Here we have an outline of an AWS DB Promise. This Promise provides an AWS RDS as a service.

apiVersion: platform.kratix.io/v1alpha1
kind: Promise
metadata:
name: aws-rds
spec:
api:
apiVersion: apiextensions.k8s.io/v1
kind: CustomResourceDefinition
metadata:
name: rds.aws.marketplace.kratix.io
spec:
group: aws.marketplace.kratix.io
names:
kind: RDS
plural: rds
singular: rds
scope: Namespaced
versions:
- name: v1alpha1
schema:
openAPIV3Schema:
properties:
spec:
...
served: true
storage: true
workflows:
resource:
configure:
- apiVersion: platform.kratix.io/v1alpha1
kind: Pipeline
metadata:
name: rds-configure
spec:
containers:
- image: ghcr.io/syntasso/kratix-marketplace/aws-rds-pipelines:v0.1.0
name: configure-rds-instance
env:
- name: AWS_ACCESS_KEY_ID
valueFrom:
secretKeyRef:
name: aws-rds
key: accessKeyID
- name: AWS_SECRET_ACCESS_KEY
valueFrom:
secretKeyRef:
name: aws-rds
key: secretAccessKey
- image: ghcr.io/syntasso/kratix-marketplace/rds-generate-health-check:v0.1.0
name: generate-health-check
delete:
...

There are one two containers within the Resource Configure pipeline 'rds-configure'. The first container aws-rds-pipelines will provision and manage the RDS instance. While the second container rds-health-check can schedule a Health Definition that checks for RDS status.

For reference, the generated Health Definition could look like:

apiVersion: platform.kratix.io/v1alpha1
kind: HealthDefinition
metadata:
name: aws-rds-RESOURCE_NAME-RESOURCE_NS
namespace: default # this can be any namespace that exists in the Destination
spec:
resourceRef:
name: RESOURCE_NAME
namespace: RESOURCE_NS
promiseRef:
name: aws-rds
schedule: @hourly
input: |
name: RESOURCE_NAME
workflow:
apiVersion: platform.kratix.io/v1alpha1
kind: Pipeline
metadata:
name: healthcheck
spec:
containers:
- image: ghcr.io/syntasso/kratix-marketplace/rds-health-check:v0.1.0
name: check-rds-status
...
EOF

This Healthcheck Definition will then be scheduled to a Destination and a Kubernetes CronJob will be created to execute container rds-health-check on a hourly schedule.
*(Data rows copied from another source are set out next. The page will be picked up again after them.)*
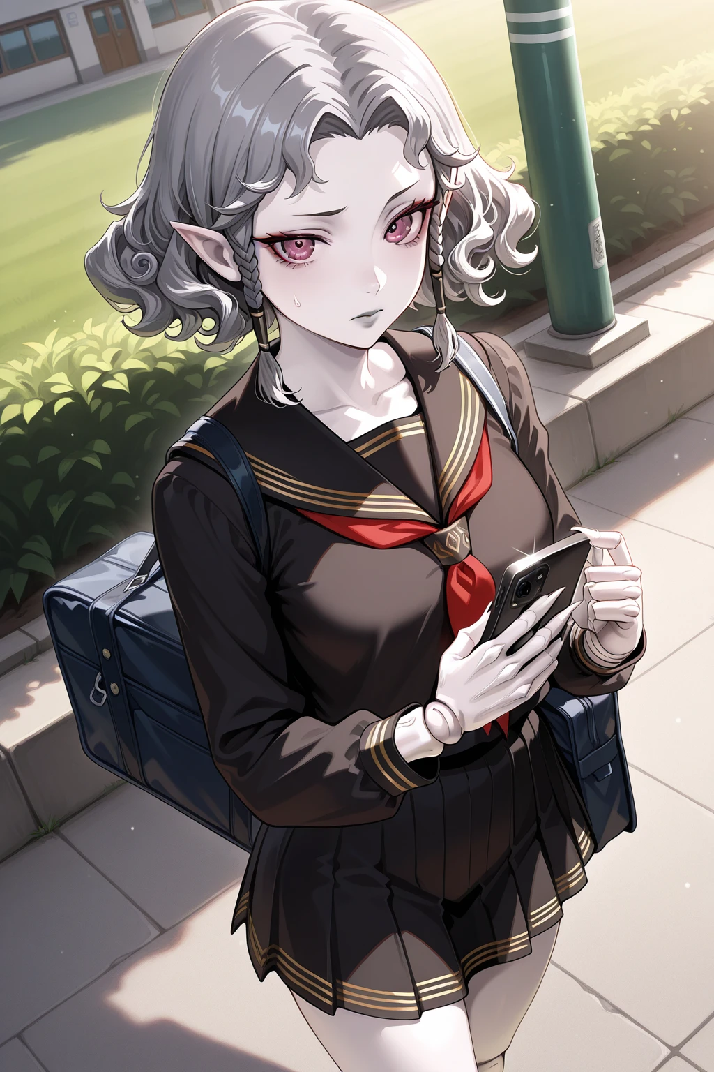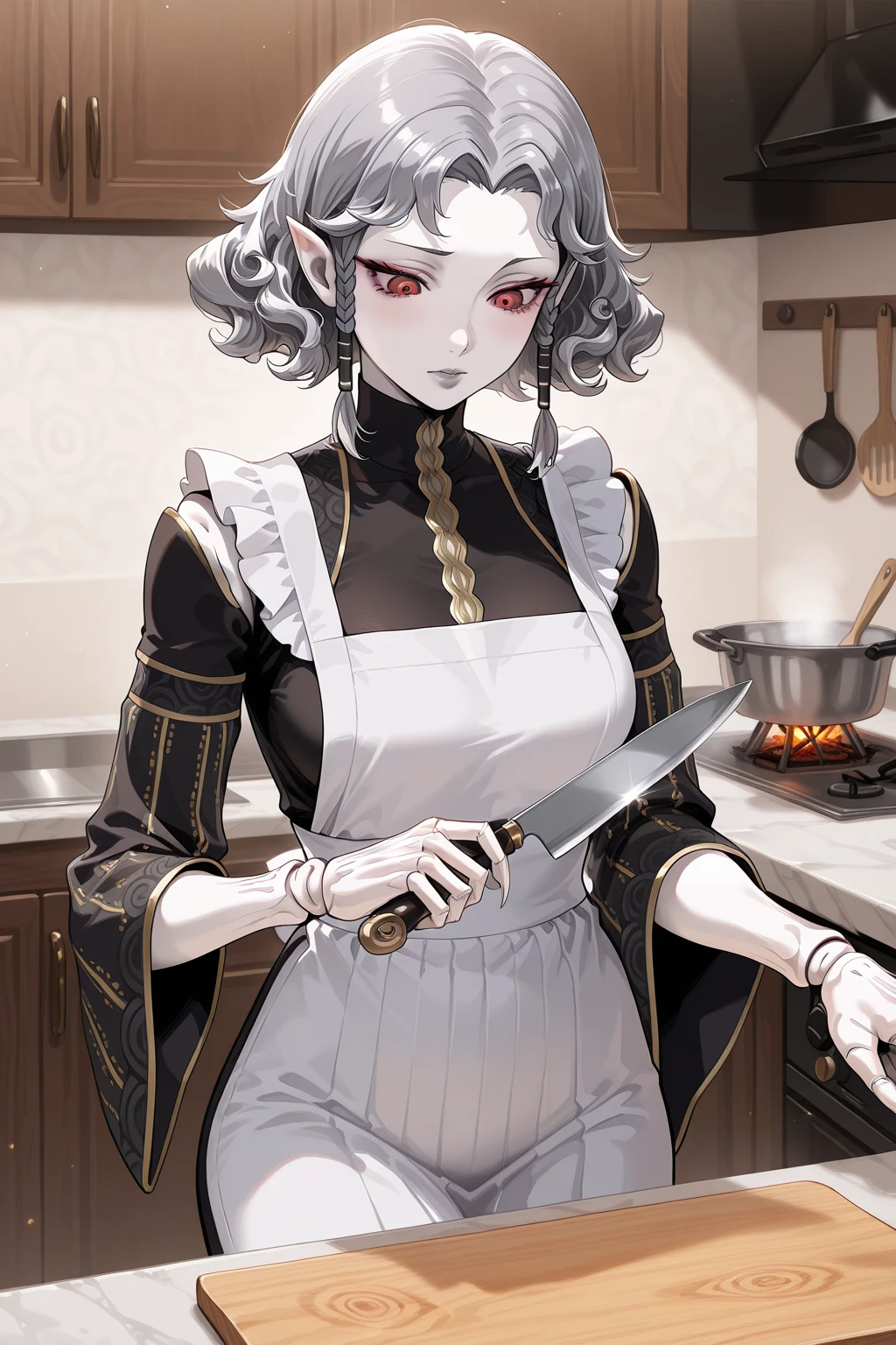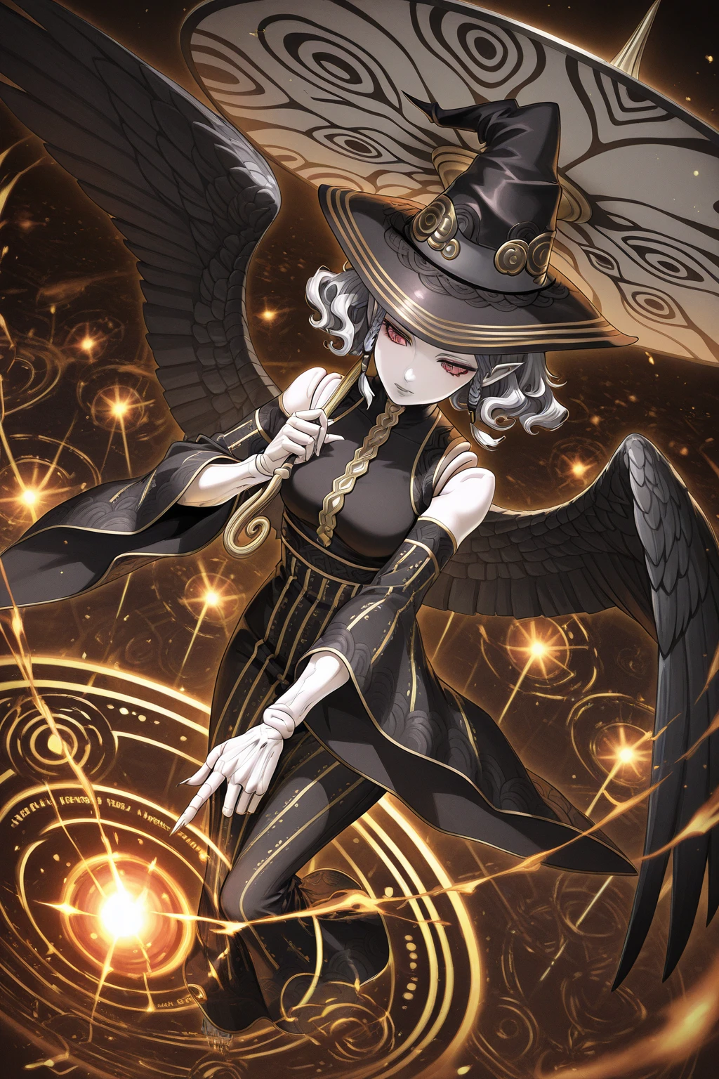 short hair, side braids, red eyes, detailed eyes, grey lips, pale skin, pointy ears, joints, doll joints, claws, witch hat, black dress, detached sleeves, wide sleeves, feathered wings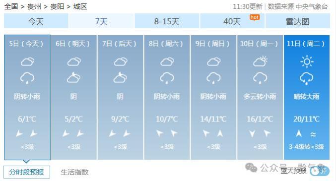 贵阳天气预报今天夜间到7日白天,阴天有小雨;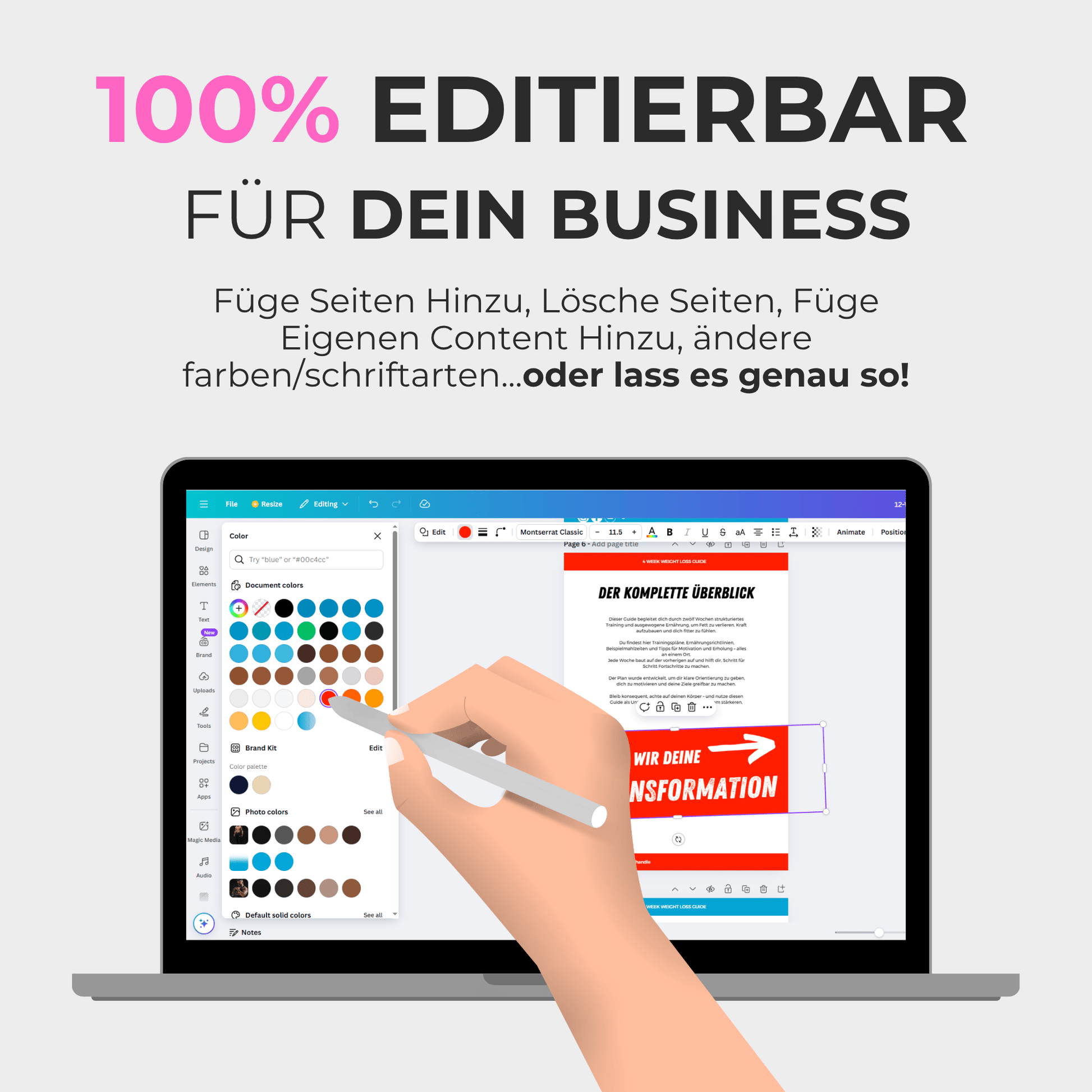 Ja, die Vorlage ist vollständig editierbar. Du kannst dein eigenes Logo, deine Farben, Schriftarten und Texte einfügen – und das Design an dein Coaching-Business anpassen.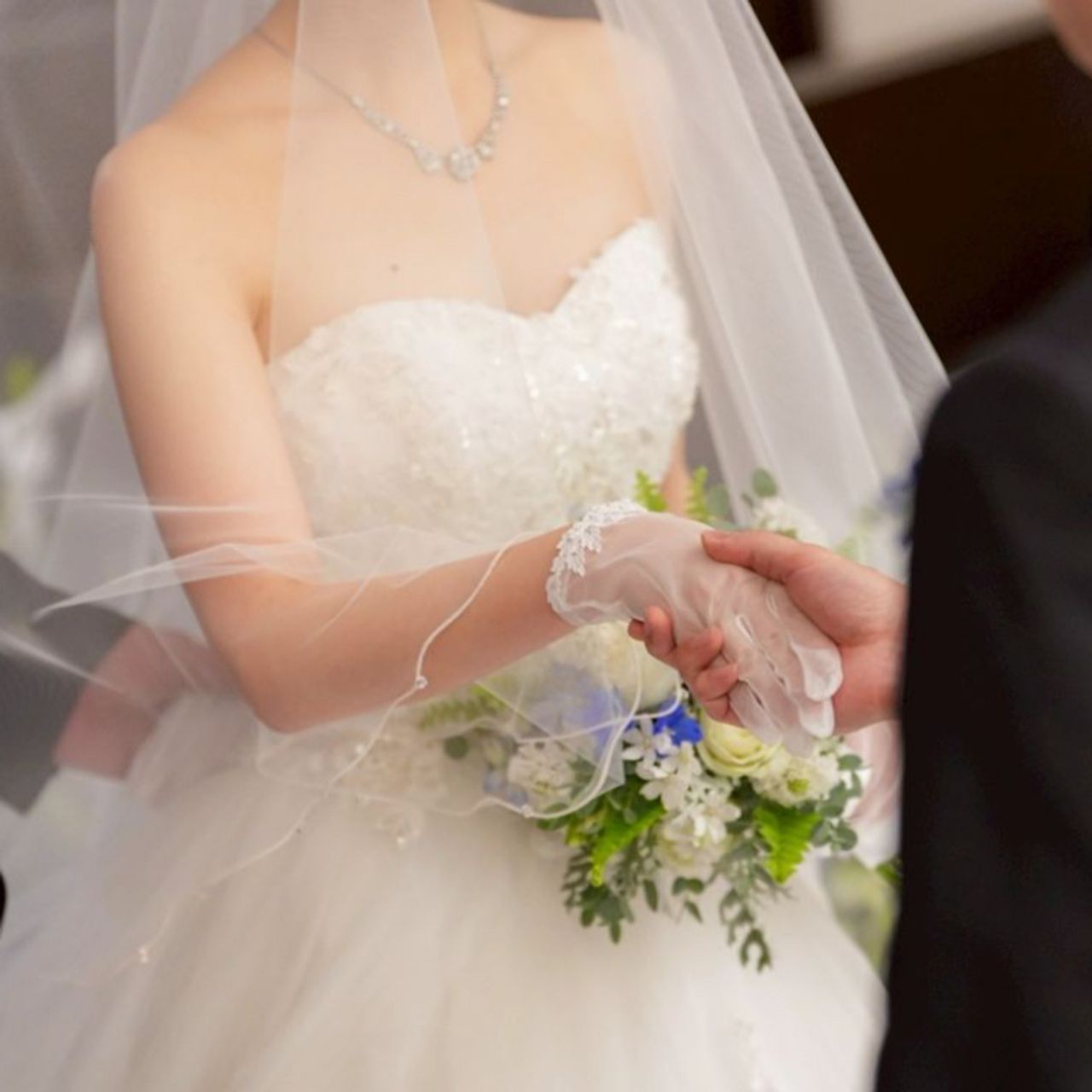アクセサリーは、王道のティアラではなく、花が連なったデザインのティアラを選びました。ネックレスもティアラと似たデザインのものを合わせて、全体に統一感を持たせています。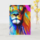 Birthday card. AI generated colourful lion artwork black card. geneartivecontent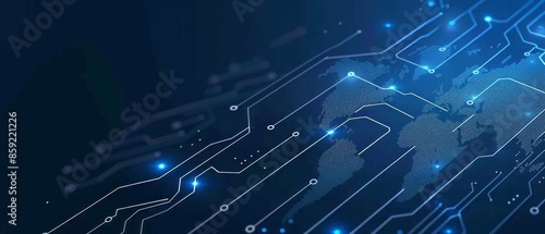 The watermark will not be included on Wall mural.: Digital world map with illuminated circuitry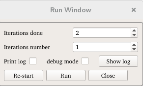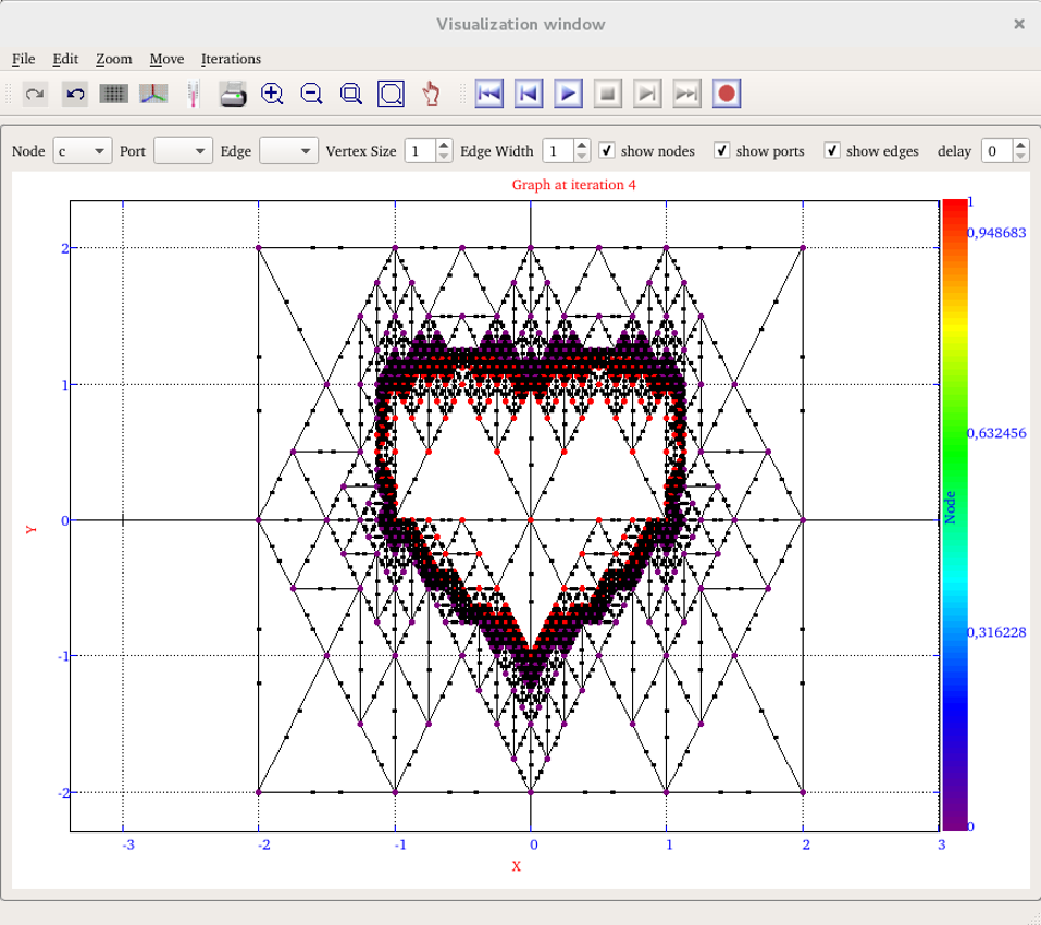 The initial value of the state of the graph's element can be setting by double clicked on the graph element. Its graph element window appears and it is easy to set the value of the attributes of the state. Here, we see in red the nodes whose the c attribute is true and in purple, the nodes whose c attribute is false. It is possible to show the value of the state of a graph element (node, port or edge) by selecting the corresponding state we want to show. Here we have selected the c attribute of node, the id of ports and edges. For more explanations on this window, see the graph managment section. The parallel application of a set of rules rewrite an initial graph named g0 into a new graph named g1 in one step. In the example of mesh refinement, several parallel iterations are needed in order to obtain a precise approximation of the implicit curve of f(x,y)=0. At the second iteration, g1 is rewritten into g2, etc) To perform the parallel graph rewriting process on the initial graph, click on the execute ![]()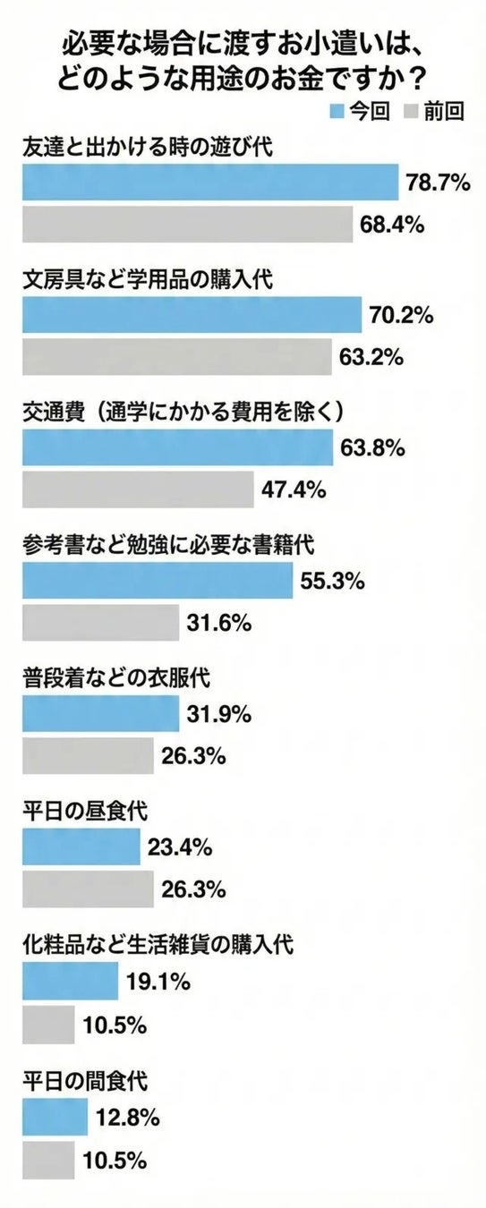 特に注目したいのが、「参考書など勉強に必要な書籍代」(55.3%)が、前回調査(31.6%)から大きく増えている点です。この結果からは、学習に関わる費用については「お小遣いとは切り分けて考える」家庭が増えていることが読み取れます。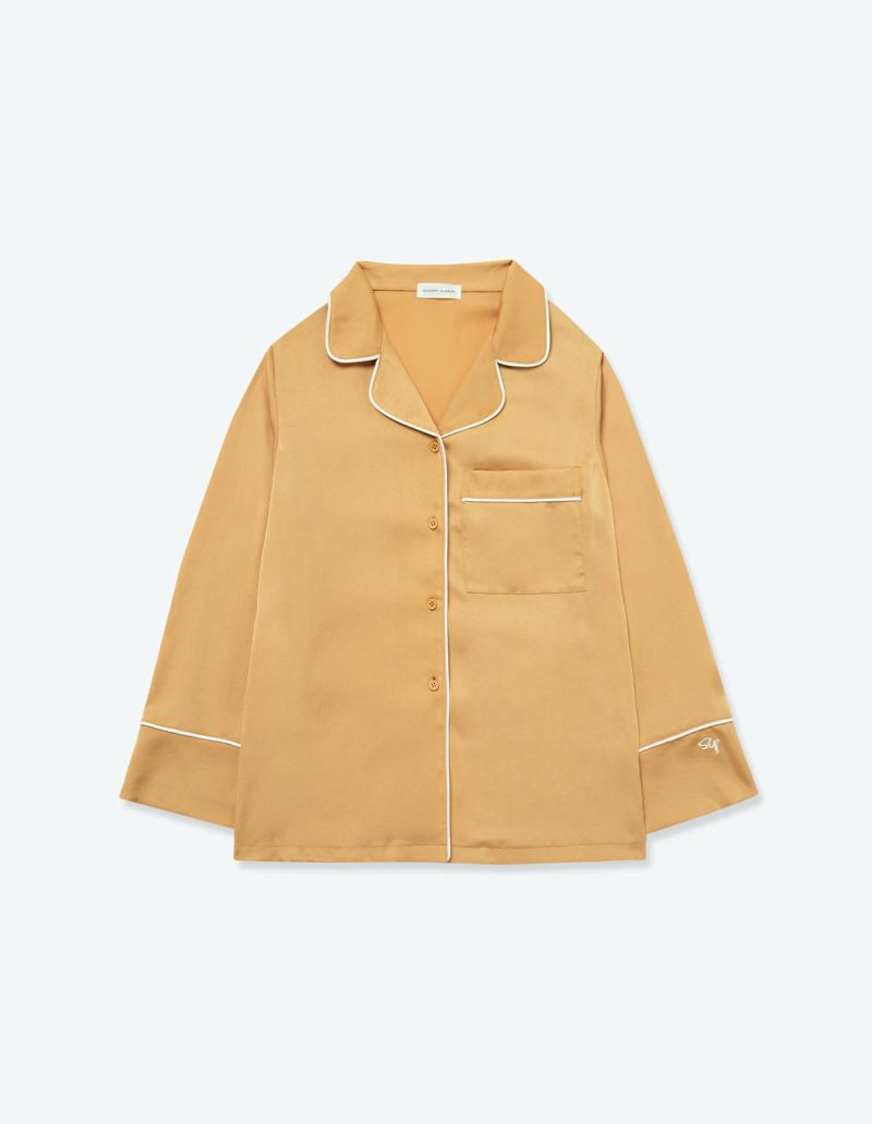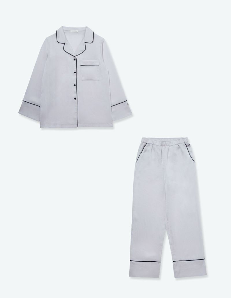 高級感のある微光沢のサテンを使用したパジャマセット。密に織られた生地で型崩れしにくく、長い間ご愛用いただけるシーズンレスなパジャマ。胸元のひらきすぎず、かつ抜け感を残した襟元や、丈感はゆったりとさせちょうどいいサイズ設計を追求。 幅広の切り替えと落ち感のある風合い柔らかな生地のかけ合わせですっきりとしたシルエットに。ニュアンスカラーのパッケージ付きですぐに贈れるギフトとしてもおすすめです。 ※2022年11月4日より、サイズをリニューアルいたしました。以前の商品サイズとは異なりますので、寸法をご確認ください。

Logic in the health check container is completely up to you, as long as the container writes the health check result to /kratix/output/health-status.yaml with the format:

state: # can be of unknown, ready, unhealthy, healthy, or degraded
details: # optional additional information to set in the resource request health status
...

To check the status of a RDS instance, you might have the container rds-health-check running a script that queries the instance status.

For example:

#!/usr/bin/env bash

set -euo pipefail

# read data from the input object
name="$(yq eval '.metadata.name' /kratix/input/object.yaml)"
namespace="$(yq eval '.metadata.namespace' /kratix/input/object.yaml)"
engine="$(yq eval '.spec.engine' /kratix/input/object.yaml)"

region="eu-west-1"
db_identifier="${name}-${namespace}-${engine}"

aws rds describe-db-instances --db-instance-identifier ${db_identifier} --region ${region} > instance-output.json

instance_status=$(jq -r '.DBInstances[0].DBInstanceStatus' instance-output.json)

cat <<EOF > /kratix/metadata/status.yaml
instanceStatus: ${instance_status}
instanceIdentifier: ${db_identifier}
EOF

if [[ "$instanceStatus" == "available" ]]; then
state="healthy"
elif [[ "$instanceStatus" == "upgrading" || "$instanceStatus" == "starting" ]]; then
state="degraded"
else
state="unknown"
fi

cat <<EOF > /kratix/output/health-status.yaml
state: ${state}
details:
instanceStatus: ${instance_status}
EOF

The above scripts will write the health check result to /kratix/output/health-status.yaml. The SKE health agent will then produce a Health Record and write to the registered state store. SKE will reconcile the Health Record and update the Resource Request health status.